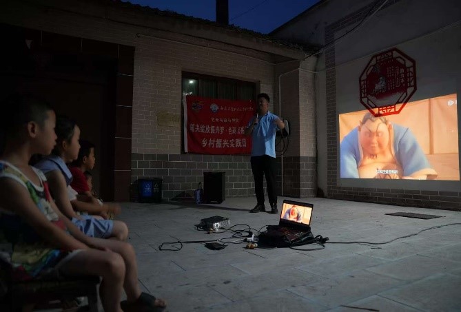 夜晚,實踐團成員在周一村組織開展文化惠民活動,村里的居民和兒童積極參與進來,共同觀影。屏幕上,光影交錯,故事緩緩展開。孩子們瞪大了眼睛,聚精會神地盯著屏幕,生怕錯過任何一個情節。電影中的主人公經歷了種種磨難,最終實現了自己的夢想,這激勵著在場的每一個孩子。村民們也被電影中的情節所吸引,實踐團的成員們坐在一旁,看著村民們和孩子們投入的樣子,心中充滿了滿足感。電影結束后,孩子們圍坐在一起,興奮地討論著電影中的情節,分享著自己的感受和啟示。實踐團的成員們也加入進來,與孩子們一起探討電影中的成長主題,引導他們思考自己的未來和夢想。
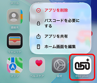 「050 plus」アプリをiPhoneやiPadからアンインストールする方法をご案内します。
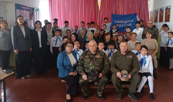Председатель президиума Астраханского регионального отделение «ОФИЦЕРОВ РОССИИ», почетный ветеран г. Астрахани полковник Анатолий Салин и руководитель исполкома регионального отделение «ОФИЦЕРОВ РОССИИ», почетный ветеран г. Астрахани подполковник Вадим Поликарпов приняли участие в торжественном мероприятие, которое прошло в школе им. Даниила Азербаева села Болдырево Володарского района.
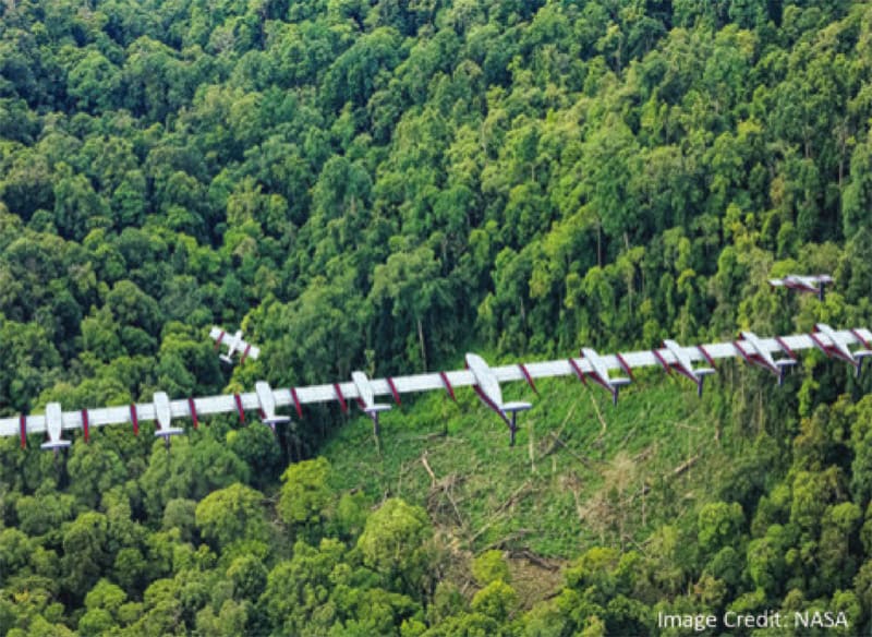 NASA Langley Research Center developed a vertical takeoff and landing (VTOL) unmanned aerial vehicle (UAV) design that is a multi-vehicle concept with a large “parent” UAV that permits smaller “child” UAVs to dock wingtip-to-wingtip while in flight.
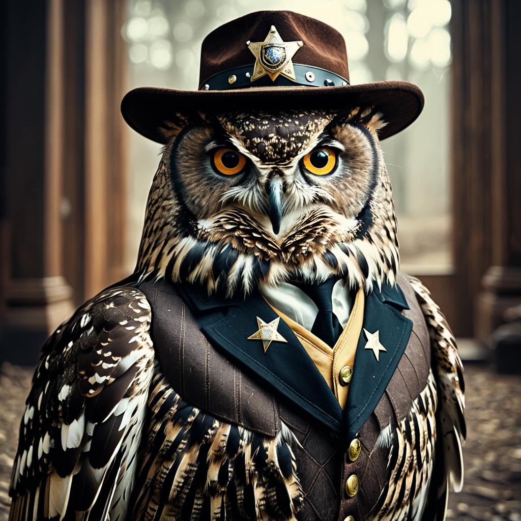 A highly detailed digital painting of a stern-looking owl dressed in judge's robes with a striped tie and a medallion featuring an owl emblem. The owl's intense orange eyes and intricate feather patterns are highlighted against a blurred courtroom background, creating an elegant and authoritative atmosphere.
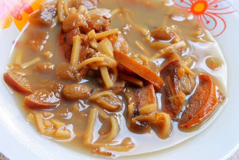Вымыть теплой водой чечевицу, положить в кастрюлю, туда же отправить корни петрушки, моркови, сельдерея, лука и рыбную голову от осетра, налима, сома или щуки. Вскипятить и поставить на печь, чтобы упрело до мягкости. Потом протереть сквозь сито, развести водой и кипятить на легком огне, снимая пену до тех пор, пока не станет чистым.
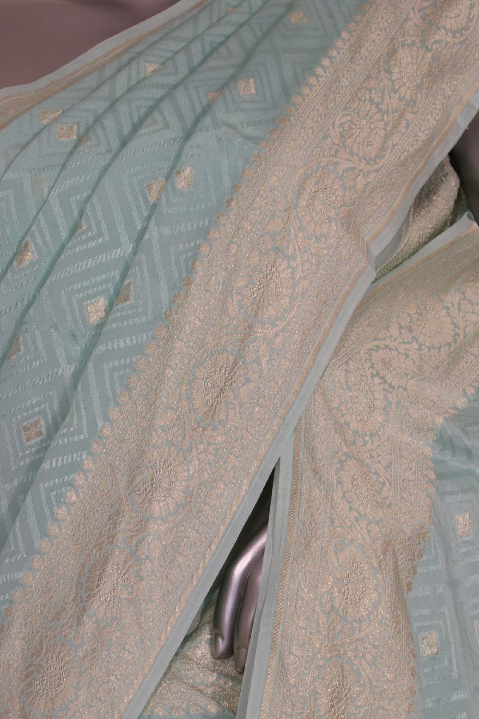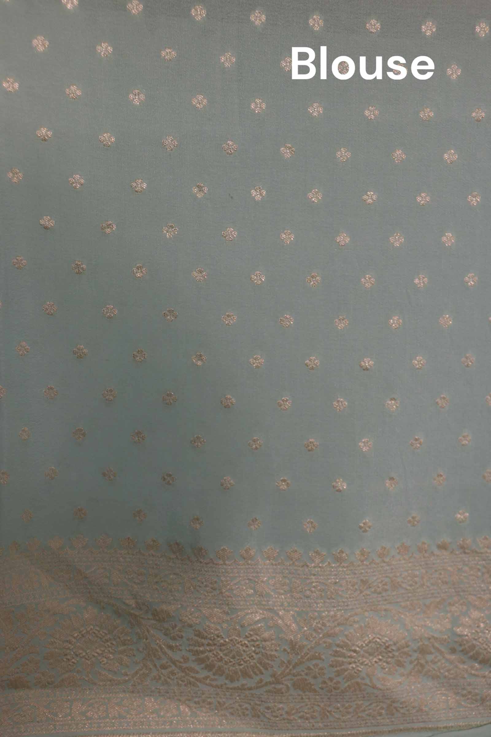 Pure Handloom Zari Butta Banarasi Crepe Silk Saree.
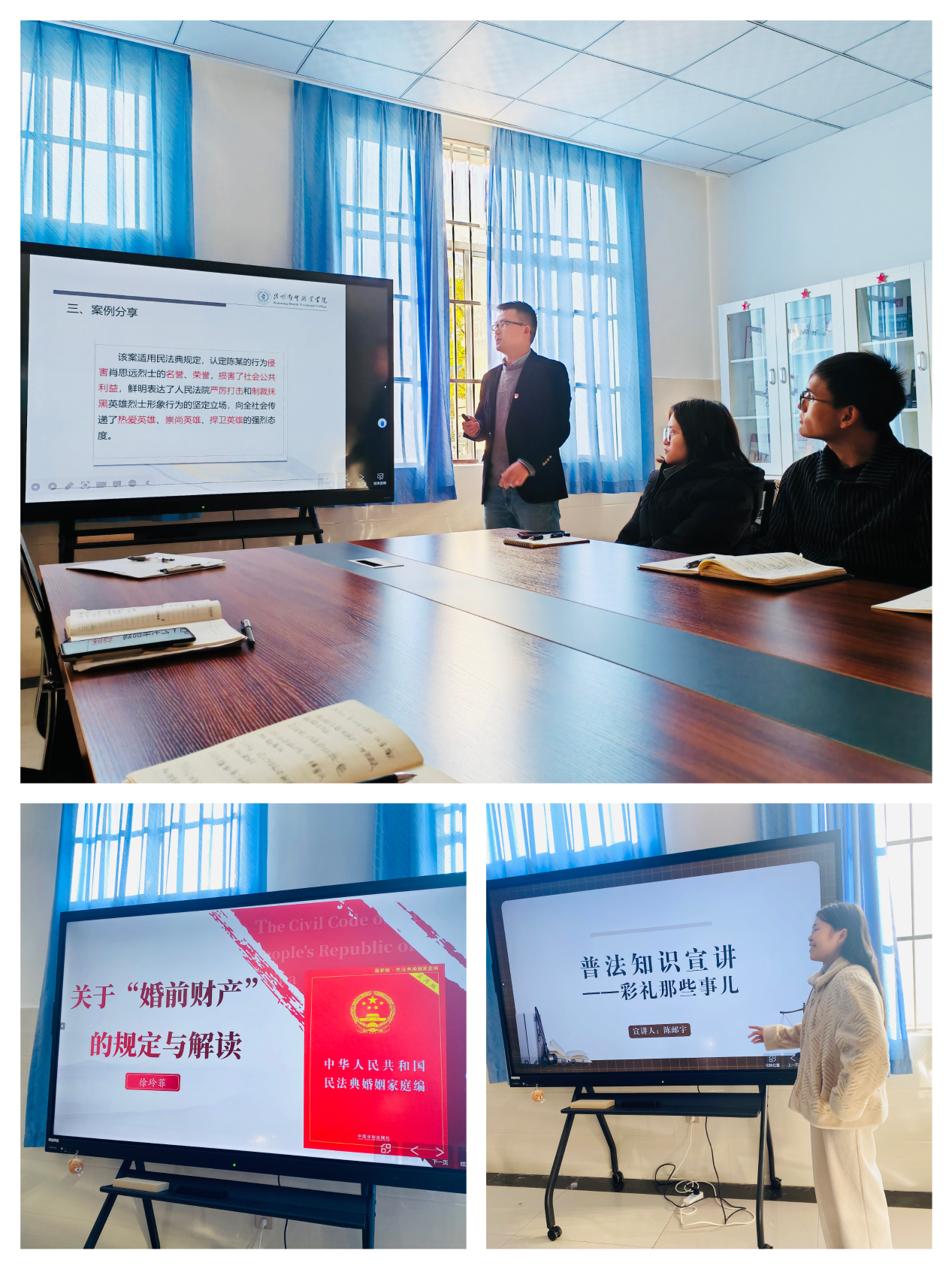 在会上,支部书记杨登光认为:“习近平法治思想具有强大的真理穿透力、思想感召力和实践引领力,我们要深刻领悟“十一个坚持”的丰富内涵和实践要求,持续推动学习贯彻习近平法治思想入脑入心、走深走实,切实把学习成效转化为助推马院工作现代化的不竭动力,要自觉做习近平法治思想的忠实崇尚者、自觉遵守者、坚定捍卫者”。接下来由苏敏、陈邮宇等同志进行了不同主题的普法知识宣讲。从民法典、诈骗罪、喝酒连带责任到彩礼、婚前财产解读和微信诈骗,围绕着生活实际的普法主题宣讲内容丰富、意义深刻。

■ Task statement
With the pictures left out, copy exactly the lines from the one containing "A highly detailed" through the final line of the records above, both included.

■ Final answer
 A highly detailed digital painting of a stern-looking owl dressed in judge's robes with a striped tie and a medallion featuring an owl emblem. The owl's intense orange eyes and intricate feather patterns are highlighted against a blurred courtroom background, creating an elegant and authoritative atmosphere.
Вымыть теплой водой чечевицу, положить в кастрюлю, туда же отправить корни петрушки, моркови, сельдерея, лука и рыбную голову от осетра, налима, сома или щуки. Вскипятить и поставить на печь, чтобы упрело до мягкости. Потом протереть сквозь сито, развести водой и кипятить на легком огне, снимая пену до тех пор, пока не станет чистым.
 Pure Handloom Zari Butta Banarasi Crepe Silk Saree.
 在会上,支部书记杨登光认为:“习近平法治思想具有强大的真理穿透力、思想感召力和实践引领力,我们要深刻领悟“十一个坚持”的丰富内涵和实践要求,持续推动学习贯彻习近平法治思想入脑入心、走深走实,切实把学习成效转化为助推马院工作现代化的不竭动力,要自觉做习近平法治思想的忠实崇尚者、自觉遵守者、坚定捍卫者”。接下来由苏敏、陈邮宇等同志进行了不同主题的普法知识宣讲。从民法典、诈骗罪、喝酒连带责任到彩礼、婚前财产解读和微信诈骗,围绕着生活实际的普法主题宣讲内容丰富、意义深刻。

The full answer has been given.